How many grams of calcium phosphate are theoretically produced if we start with 10.3 moles of Ca(NO3)2 and 7.6 moles of Li3PO4?
Reaction: 3Ca(NO3)2 + 2Li3PO4 → 6LiNO3 + Ca3(PO4)2
Here is a worked example of a limiting reagent problem.
http://www.jiskha.com/science/chemistry/limiting_reagent_problem.html
How many grams of calcium phosphate are theoretically produced if we start with 10.3 moles of Ca(NO3)2 and 7.6 moles of Li3PO4?
Reaction: 3Ca(NO3)2 + 2Li3PO4 → 6LiNO3 + Ca3(PO4)2
To answer this question, we need to determine the stoichiometry of the balanced chemical equation for the reaction between calcium nitrate (Ca(NO3)2) and lithium phosphate (Li3PO4) to produce calcium phosphate.
The balanced chemical equation for this reaction is:
3 Ca(NO3)2 + 2 Li3PO4 → Ca3(PO4)2 + 6 LiNO3
From this equation, we can see that 3 moles of Ca(NO3)2 react with 2 moles of Li3PO4 to produce 1 mole of Ca3(PO4)2.
Given that you have 10.3 moles of Ca(NO3)2 and 7.6 moles of Li3PO4, we need to determine which reactant is the limiting reactant, as it will determine the maximum amount of calcium phosphate produced.
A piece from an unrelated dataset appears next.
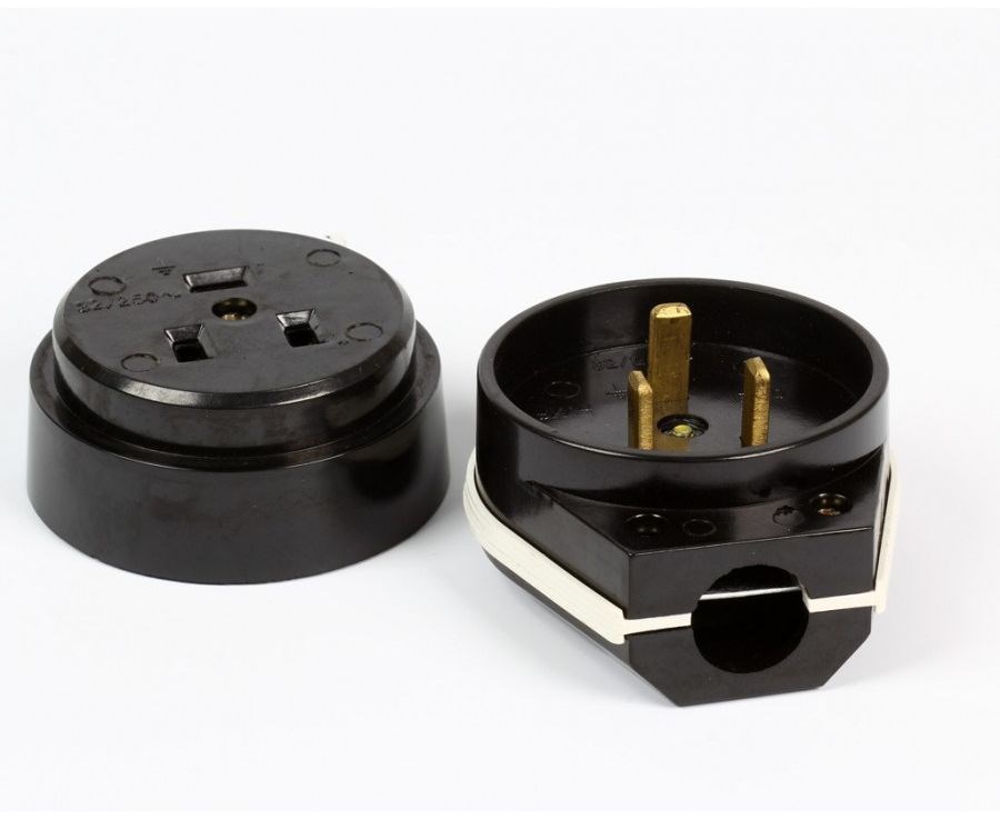 Разъём РШ-ВШ предназначен для организации подключения различного оборудования (как малой, так и большой мощности) к однофазной электрической бытовой сети напряжением 220 В и частотой 50 Гц. В конструкции устройства предусмотрено винтовое подсоединение провода к выходам. Способ установки разъема - открытый. Материал корпуса - карболит. Разъем - трехштырьковый.

To find the limiting reactant, we compare the mole ratios of the two reactants to the stoichiometry of the balanced equation.
For Ca(NO3)2:
Mole ratio: 3 moles Ca(NO3)2 : 1 mole Ca3(PO4)2
For Li3PO4:
Mole ratio: 2 moles Li3PO4 : 1 mole Ca3(PO4)2
Now, using the mole ratios, we can calculate the moles of calcium phosphate that can be produced from each reactant:
From Ca(NO3)2:
10.3 moles Ca(NO3)2 × (1 mole Ca3(PO4)2 / 3 moles Ca(NO3)2) = 3.43 moles Ca3(PO4)2
From Li3PO4:
7.6 moles Li3PO4 × (1 mole Ca3(PO4)2 / 2 moles Li3PO4) = 3.8 moles Ca3(PO4)2
Based on the calculations, we can see that the limiting reactant is Ca(NO3)2 because it produces a lower amount of Ca3(PO4)2 compared to Li3PO4.
Now, to find the theoretical mass of calcium phosphate produced, we need to use the molar mass of Ca3(PO4)2, which is calculated as:
Molar mass of Ca3(PO4)2 = (3 × Atomic mass of Ca) + (2 × Atomic mass of P) + (8 × Atomic mass of O)
Molar mass of Ca3(PO4)2 = (3 × 40.08 g/mol) + (2 × 30.97 g/mol) + (8 × 16.00 g/mol) = 310.18 g/mol
Finally, we can calculate the mass of calcium phosphate using the moles of Ca3(PO4)2 and its molar mass:
Mass of Ca3(PO4)2 = moles of Ca3(PO4)2 × molar mass of Ca3(PO4)2
Mass of Ca3(PO4)2 = 3.43 moles × 310.18 g/mol = 1063.5 grams
Therefore, theoretically, 1063.5 grams of calcium phosphate can be produced from 10.3 moles of Ca(NO3)2 and 7.6 moles of Li3PO4.